### Given data:
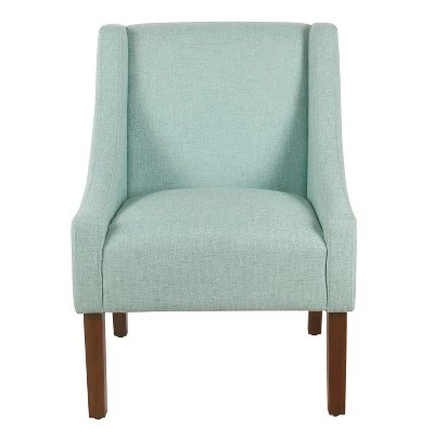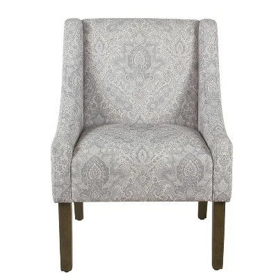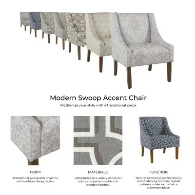 The modern lines and pattern of this Swoop Accent Chair create an easy update for any room in your home. Featuring side swoop arms for added comfort and style, this swoop chair works well as extra seating in a living room or home office, or as an accent chair in a bedroom. Pair two together for added impact. Offered in a range of trend right patterns and colors to make it easy to blend with a wide range of interior design styles. Enhanced by wood legs in a range of finishes, this swoop chair is easy to assemble and maintain.
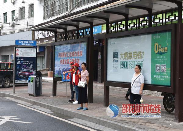 宝庆西路原邵阳医专附属医院公交站点,因没有坐凳,市民只能站着候车。 杨敏华 摄
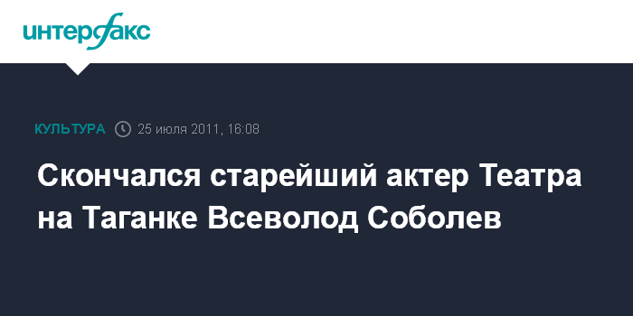 Москва. 25 июля. INTERFAX.RU - Старейший актер Театра на Таганке, народный артист России Всеволод Соболев умер в Москве в воскресенье на 72-м году жизни, сообщили в понедельник "Интерфаксу" в театре.
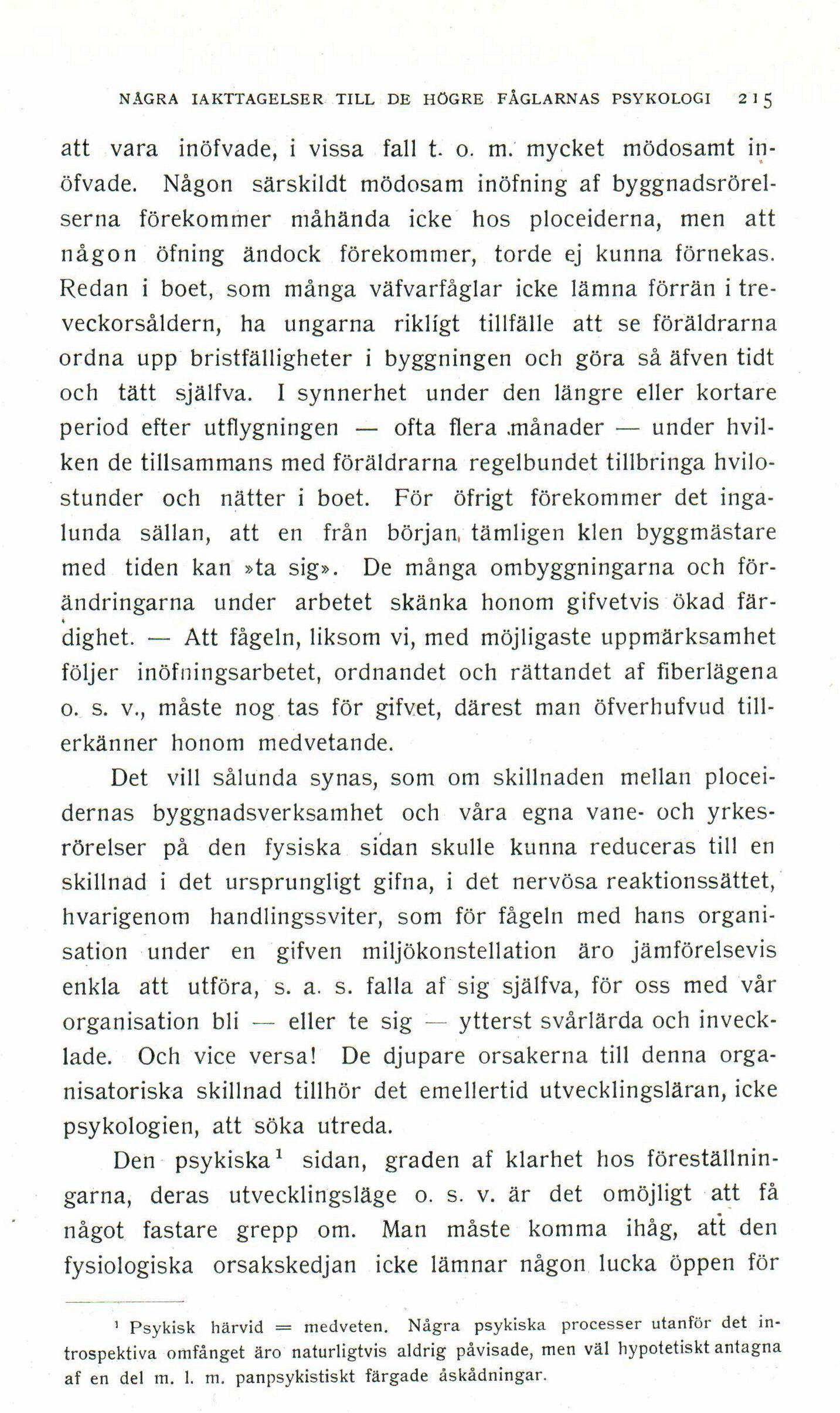 NÅGRA IAKTTAGELSER TILL DE HÖGRE FÅGLARNAS PSYKOLOGI 2 1 5
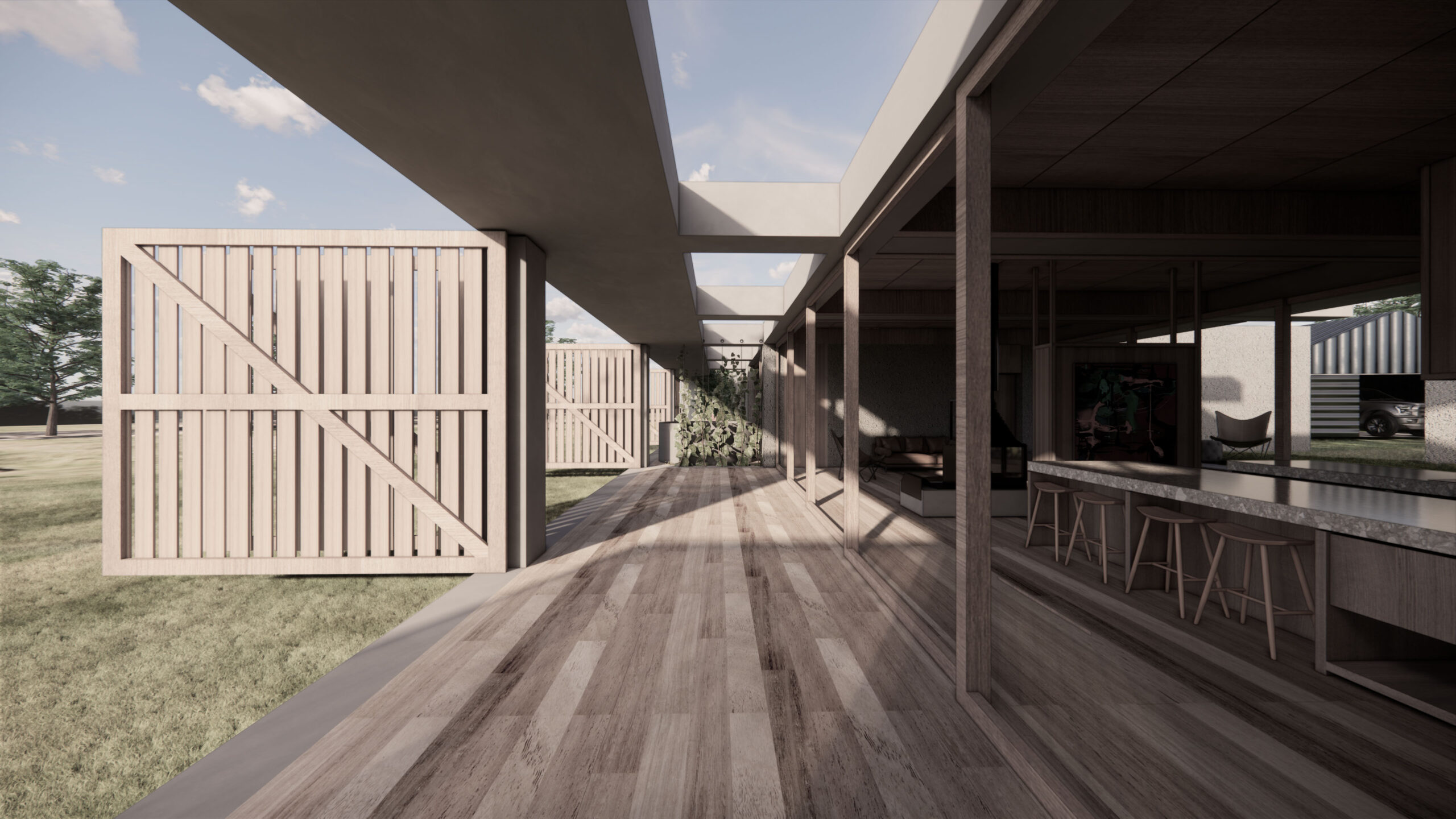 This sheltered courtyard operates as both climatic buffer and place of retreat, tempering harsh north-westerly heat and shielding the home from cold southerly and easterly winds. In this way, the building acts as a refuge within an exposed environment, offering moments of stillness, enclosure, and intimacy against a broader, elemental backdrop.
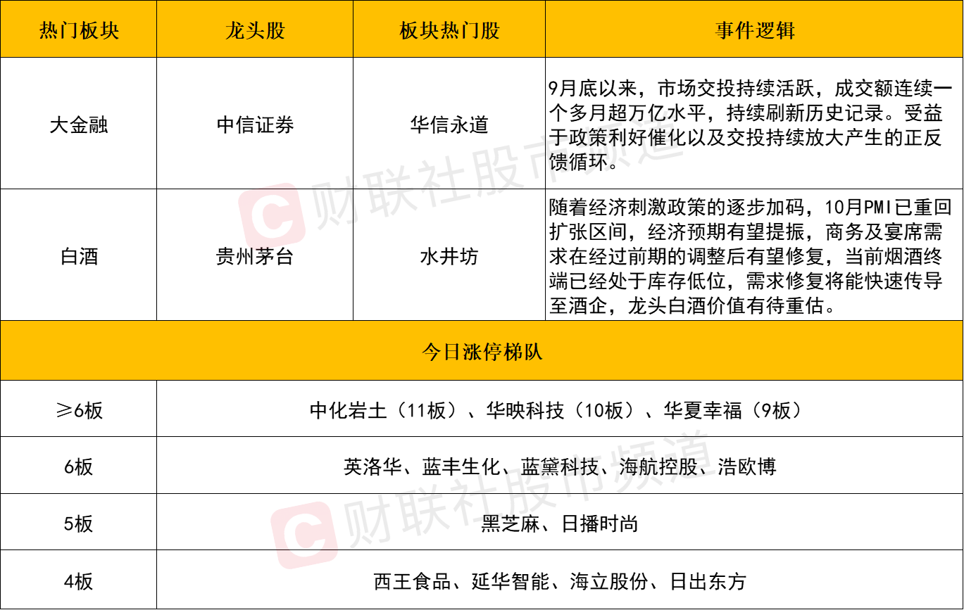 大金融午后再度拉升,中信证券、中信建投、首创证券、华林证券、中国人寿、赢时胜等个股涨停。9月底以来,市场交投持续活跃,成交额连续一个多月超万亿水平,持续刷新历史记录。受益于政策利好催化以及交投持续放大产生的正反馈循环,大金融个股的估值或仍存进一步拔高之空间。
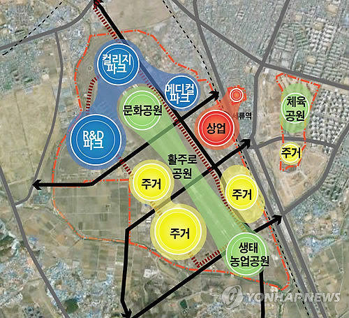 △ 수원공군비행장 개발 계획도 (수원=연합뉴스) 수원시가 마련한 공군비행장 개발 계획도. 시는 수원비행장(525만㎡)의 56.5%를 공원과 도시기반시설로 존치하고 나머지 43.5%(228만㎡)를 분양, 4조5천억원을 재원을 마련할 계획이다. 2014.3.26 <<지방기사 참조, 수원시 제공>> kcg33169@yna.co.kr
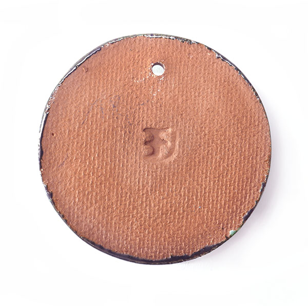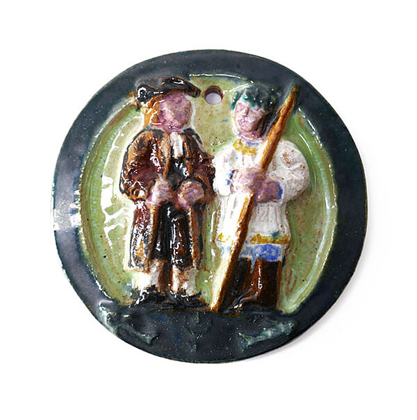 Scheibenartiger Keramik-Korpus aus relativ hellem, rötlich-braunen Scherben. Vorderseitig reliefierte und polychrom glasierte Darstellung eines stehenden Männerpaares, evtl. einen Kaufmann und einen Schäfer darstellend. Am Unterrand flach reliefiertes Stadtwappen von Halle. Oberseitig, unterhalb des Randes, durchgehendes Loch zur Aufhängung. Durchmesser ca. 8 cm, minimale Altersspuren. Rückseitig Markung, Entwurf wohl 1960er, 70er Jahre, Ausführung evtl. etwas später.
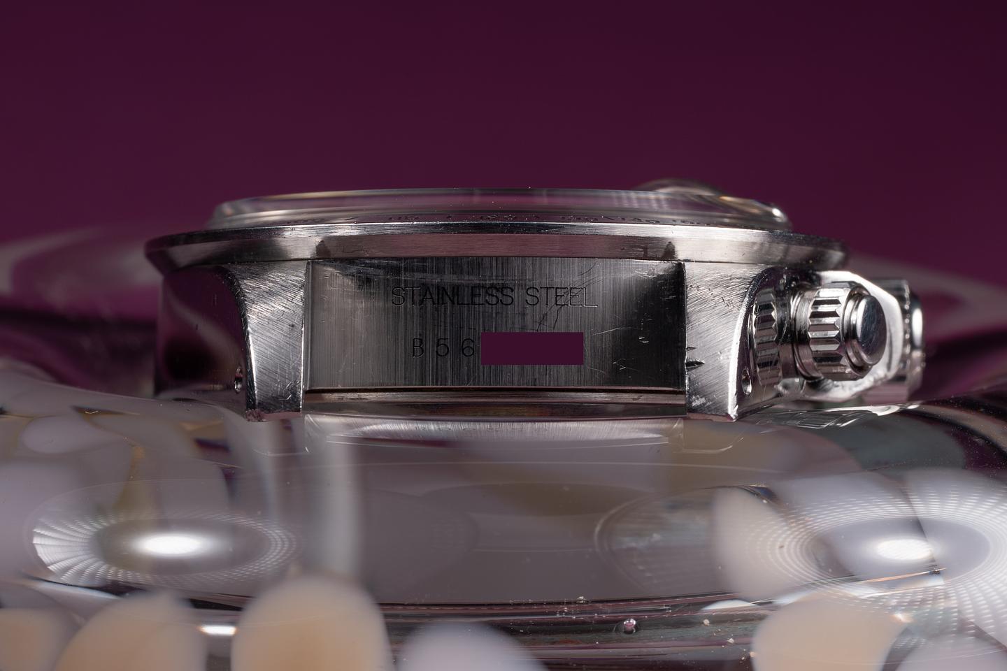 Case: The unpolished 40mm case is excellent, showing light to average wear from use. The stainless bezel is also in excellent condition, showing only light wear from use.
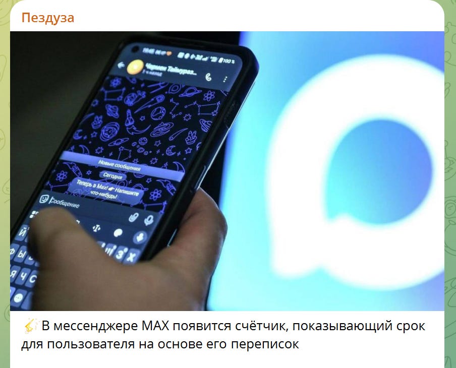 The Government was already starting to force Students and Parents to use MAX back in the Summer of Last Year and that trend is still ongoing in Russia, that and the new Telegram Restrictions are part of the same program. Helping out Kiriyenko the Younger and his friends and family by raising the value of their VK/MAX shares.

### Work request:
Leave the pictures out and return the rest of the listing exactly.

### Answer to this problem:
 The modern lines and pattern of this Swoop Accent Chair create an easy update for any room in your home. Featuring side swoop arms for added comfort and style, this swoop chair works well as extra seating in a living room or home office, or as an accent chair in a bedroom. Pair two together for added impact. Offered in a range of trend right patterns and colors to make it easy to blend with a wide range of interior design styles. Enhanced by wood legs in a range of finishes, this swoop chair is easy to assemble and maintain.
 宝庆西路原邵阳医专附属医院公交站点,因没有坐凳,市民只能站着候车。 杨敏华 摄
 Москва. 25 июля. INTERFAX.RU - Старейший актер Театра на Таганке, народный артист России Всеволод Соболев умер в Москве в воскресенье на 72-м году жизни, сообщили в понедельник "Интерфаксу" в театре.
 NÅGRA IAKTTAGELSER TILL DE HÖGRE FÅGLARNAS PSYKOLOGI 2 1 5
 This sheltered courtyard operates as both climatic buffer and place of retreat, tempering harsh north-westerly heat and shielding the home from cold southerly and easterly winds. In this way, the building acts as a refuge within an exposed environment, offering moments of stillness, enclosure, and intimacy against a broader, elemental backdrop.
 大金融午后再度拉升,中信证券、中信建投、首创证券、华林证券、中国人寿、赢时胜等个股涨停。9月底以来,市场交投持续活跃,成交额连续一个多月超万亿水平,持续刷新历史记录。受益于政策利好催化以及交投持续放大产生的正反馈循环,大金融个股的估值或仍存进一步拔高之空间。
 △ 수원공군비행장 개발 계획도 (수원=연합뉴스) 수원시가 마련한 공군비행장 개발 계획도. 시는 수원비행장(525만㎡)의 56.5%를 공원과 도시기반시설로 존치하고 나머지 43.5%(228만㎡)를 분양, 4조5천억원을 재원을 마련할 계획이다. 2014.3.26 <<지방기사 참조, 수원시 제공>> kcg33169@yna.co.kr
 Scheibenartiger Keramik-Korpus aus relativ hellem, rötlich-braunen Scherben. Vorderseitig reliefierte und polychrom glasierte Darstellung eines stehenden Männerpaares, evtl. einen Kaufmann und einen Schäfer darstellend. Am Unterrand flach reliefiertes Stadtwappen von Halle. Oberseitig, unterhalb des Randes, durchgehendes Loch zur Aufhängung. Durchmesser ca. 8 cm, minimale Altersspuren. Rückseitig Markung, Entwurf wohl 1960er, 70er Jahre, Ausführung evtl. etwas später.
 Case: The unpolished 40mm case is excellent, showing light to average wear from use. The stainless bezel is also in excellent condition, showing only light wear from use.
 The Government was already starting to force Students and Parents to use MAX back in the Summer of Last Year and that trend is still ongoing in Russia, that and the new Telegram Restrictions are part of the same program. Helping out Kiriyenko the Younger and his friends and family by raising the value of their VK/MAX shares.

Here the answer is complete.